+++ DATASET CONTENT

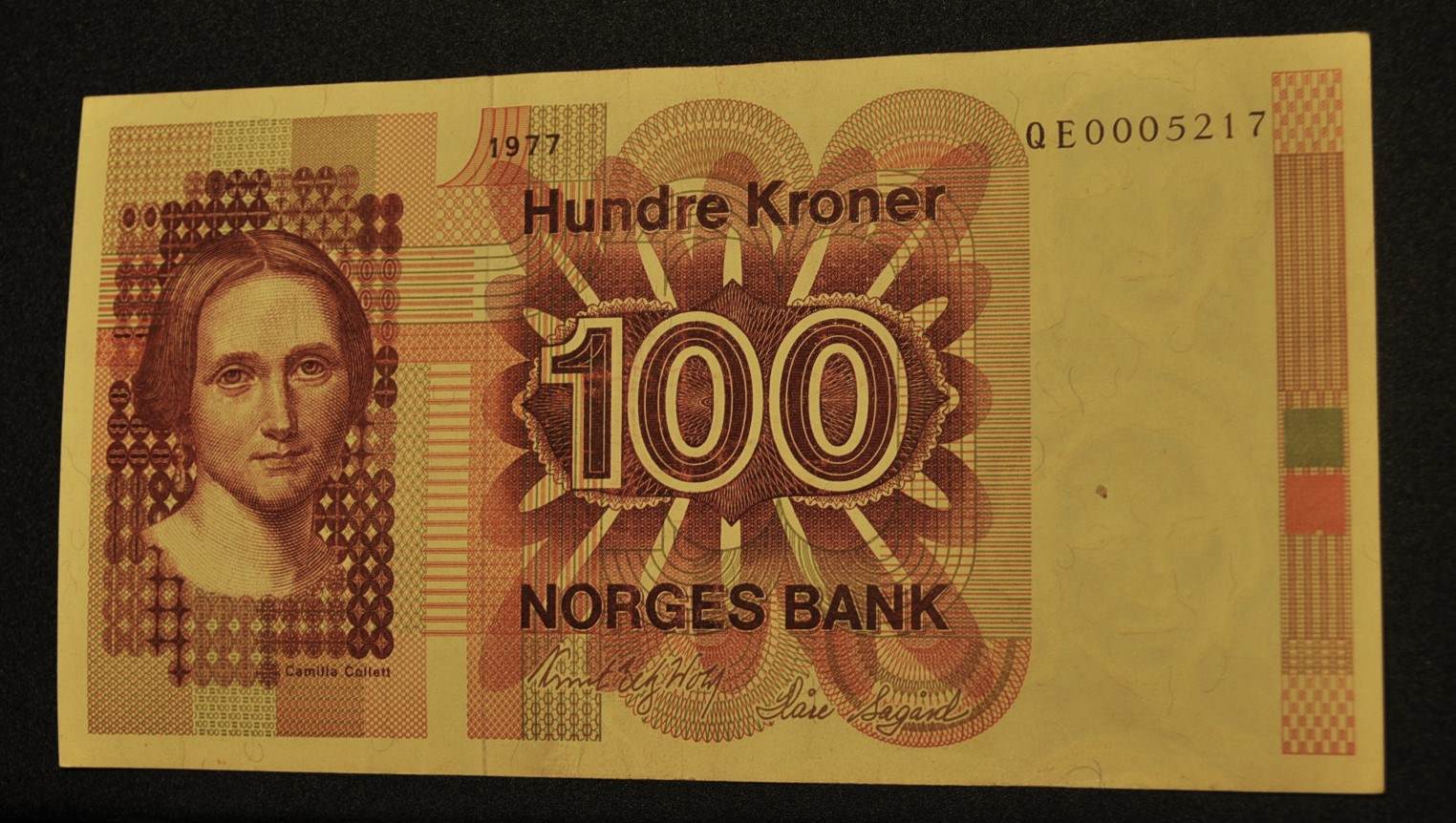 2380796: 100 kr. 1977 QE. Kv. 01. Sort årstall * Katv. kr. 950
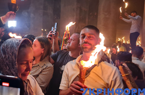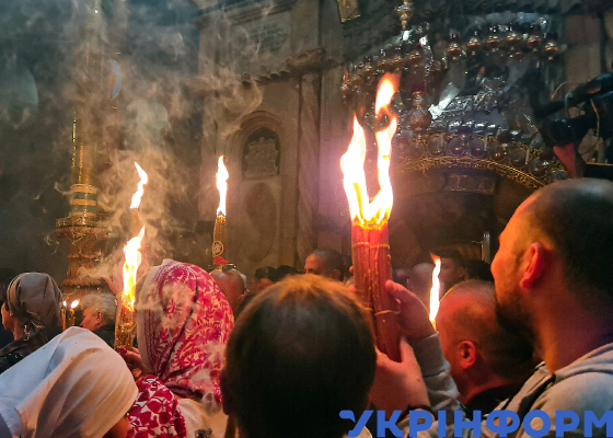 В Єрусалимі відбулася церемонія "сходження" Благодатного вогню в храмі над Гробом Господнім, яке відбувається протягом століть із року в рік та на яке чекають тисячі паломників з усього світу, Ізраїль, 4 травня 2024 року.
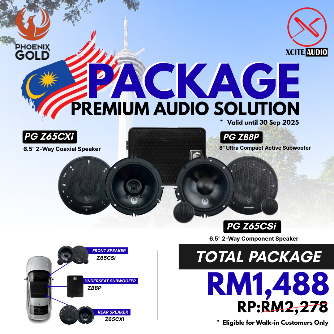 Merdeka Phoenix Gold Component + Coaxial + Active Subwoofer Bundle Package

++++++

▸ **WORK INSTRUCTIONS**
Retype, exactly as written, each line from the one containing "В Єрусалимі відбулася" through the end of the data above, and leave out every picture.

▸ **REPLY TO THE EXERCISE**
 В Єрусалимі відбулася церемонія "сходження" Благодатного вогню в храмі над Гробом Господнім, яке відбувається протягом століть із року в рік та на яке чекають тисячі паломників з усього світу, Ізраїль, 4 травня 2024 року.
 Merdeka Phoenix Gold Component + Coaxial + Active Subwoofer Bundle Package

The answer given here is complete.